I knew I wanted to broaden my understanding of modern technologies – food, finance, telecommunications, and particularly data science and artificial intelligence. While I had been working with data analytics for a while, my skills were pretty one dimensional and my understanding of contemporary analytical tools – pretty shallow. I wanted to once and for all have an answer on whether the robot uprising was plausible and (just in case it was) what I needed to do to defend myself, my family and humanity.
After weighing long lists of pros and cons, I chose to do a Master of Science in Computer and Mathematical Sciences at AUT. It offered a good range of deep technical subjects, as well as a lot of freedom on what subjects I could choose. As much as I am a violent supporter of online learning, in this case it wasn’t for me. The knowledge gap was too wide and the motivation was still strengthening – I wanted to learn from real people. I am 2/3 through now and the experience sure didn’t disappoint!
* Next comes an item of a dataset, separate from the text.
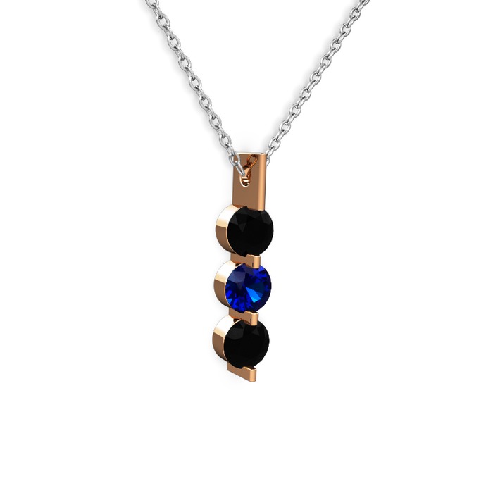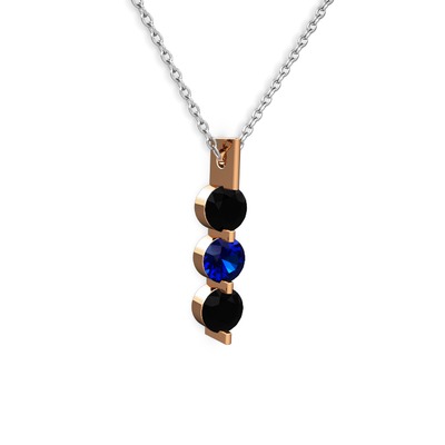 Siyah zirkon ve lab safir 14 ayar rose altın kolye (40 cm beyaz altın rolo zincir)

I learned to code in Python, R, SAS and SQL and use an array of other tools. I seriously brushed up on my calculus and linear algebra and expanded my knowledge of statistical models.
Have I become a Data Scientist or a Software Developer? Or will I?
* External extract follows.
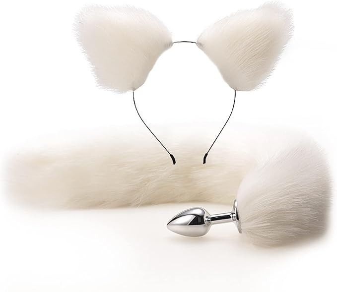 Fox Tail Anal Plug with Hairpin Toy Flirting Metal Butt Plug Tail Sex Toys for Woman Man Couples Cosplay Adult Game Shop (Color : White)

I haven’t. And I don’t know – maybe.
I now know I could become a decent developer if I put time into it, but pure software development is probably not my gig. I love the data science algorithms and methods I learned – particularly in multivariate analysis and machine learning. I think back to a few challenging problems in my remuneration management and people analytics career and think – it would have been nice to know these then! However, if I am honest, the really juicy business problems that data science can help resolve – are still few and far in between. Businesses simply don’t have enough quality structured data. Hence currently, the more rewarding job is actually getting organisations to collect this structured data - through behavioural change and process improvement, rather than trying to analyse what is available. Here we go again.. seems like all roads lead to behavioural change.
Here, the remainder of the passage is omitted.